Revenue, however, has missed expectations for the past five quarters. The company cut its full-year revenue guidance in each of the past three quarters, and provided an outlook that was below forecasts in the quarter before that. (See below for Wall Street’s current consensus expectations for the fourth quarter.)
There’s reason to worry that another miss or outlook cut could be in the works, according to Evercore ISI analyst Jonathan Chappell. Based on his trend analysis, Chappell said “there could be further downside to UPS U.S. domestic revenue. In addition, deceleration in China’s exports is a headwind for UPS’s international revenue.”
There have also been labor-related headwinds as of late that may have allowed UPS’s rivals to benefit at its expense. When FedEx Chief Customer Officer Brie Carere was asked in December whether the company has been able to hold on to the market share it gained while UPS was undergoing tense labor negotiations, Carere answered, “Confidently yes,” according to an AlphaSense transcript.
TD Cowen analyst Helane Becker said the labor issues made the fourth quarter a tough one for UPS, as the company had to figure out how to cover the cost of a new contract with the Teamsters union without driving shippers to other delivery companies.
Becker reiterated her market-perform rating on UPS’s stock, and kept her price target at $175.
The following are UPS’s current average analyst estimates compiled by FactSet for some key financial metrics, and what they were at the end of the third quarter.
- The FactSet consensus for earnings per share was $2.46, down from $3.62 in the same period a year ago.

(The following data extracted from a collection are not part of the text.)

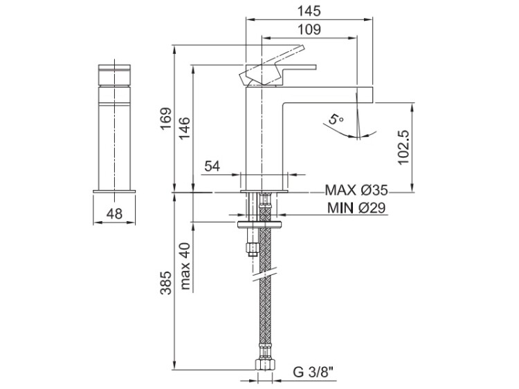 Смеситель для раковины, Fantini, Mare, тип открывания воды-однорычажный, тип регулирования воды-традиционный картридж, отверстия для монтажа-1, высота, мм-146, вынос излива, мм-111, тип подводки-гибкая, стандарт подвода воды-3/8", цвет-черный матовый, ручка-в комплекте Смеситель для раковины, Fantini, Mare, цвет-черный матовый
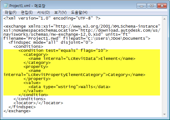 특성 맵 파일(여기에서는 C:₩Program Files₩Autodesk₩Navisworks Manage 2015₩Quantification₩takeoff_maps₩TakeoffPropertyMap.xml)을 엽니다. 또는 선택한 파일 맵 템플릿을 사용합니다. 복사한 텍스트를 특성 맵 파일에 붙여넣습니다. 기존 조건 노드가 파일에 있는 경우 찾아 바꿉니다.
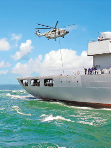 同時(shí),這種訓(xùn)法也是對(duì)各專(zhuān)業(yè)官兵協(xié)同能力的鍛煉。對(duì)此,艦長(zhǎng)陳德楠深有感觸:“軍艦各部門(mén)各專(zhuān)業(yè)隔行如隔山,盡管官兵同舟共濟(jì),但輪機(jī)長(zhǎng)和軍醫(yī)的專(zhuān)業(yè)卻風(fēng)馬牛不相及,也沒(méi)法在一塊訓(xùn),F(xiàn)在呢……”善于打比方的陳德楠這樣告訴記者:“模塊化組訓(xùn)就像中西樂(lè)隊(duì)大排練,拉二胡的和彈鋼琴的演奏的是同一個(gè)譜子!
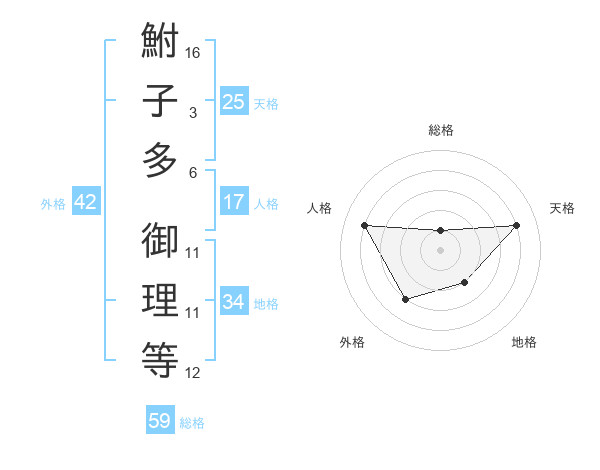 鮒子多 御理等さんを姓名の画数から五運を鑑定
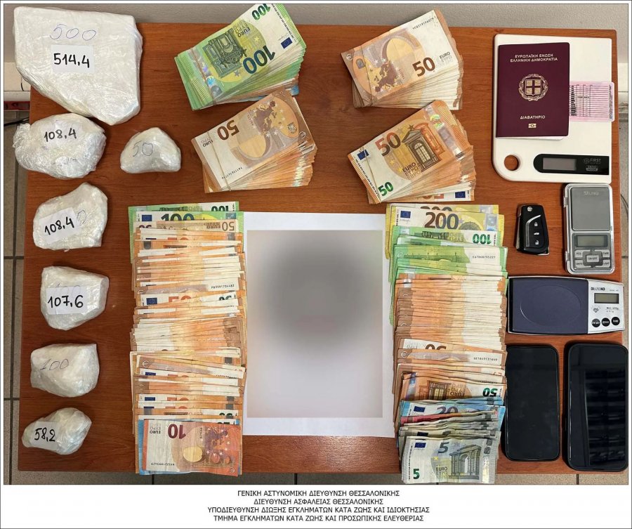 Policia greke ka vënë në pranga një shqiptar me precedentë të shumtë penalë dhe të arratisur nga një burg në Francë. Ai është kapur bashkë me një shtetas grek duke transportuar mbi 1 kg kokainë.
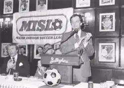 ![]() Foreman at a 1984 Major Indoor Soccer League press conference in New York City applauding the admission of four teams to the MISL | |

The EPS consensus has dropped significantly since the end of the third quarter, when it was $3.03.
- The FactSet revenue consensus was $25.398 billion, down from $27.033 billion a year ago, and below the consensus of $26.247 billion as of Sept. 29.
- U.S. Domestic Package revenue is expected to be $17.39 billion. That compares with the consensus of $17.82 billion as of Sept. 29, and the $18.25 billion that was reported a year ago.
- International revenue is expected to fall to $4.64 billion, from last year’s $4.95 billion. At the end of September, the consensus was $4.70 billion.
- The FactSet consensus for 2024 revenue has declined to $95.51 billion, from $98.00 billion as of Sept. 29.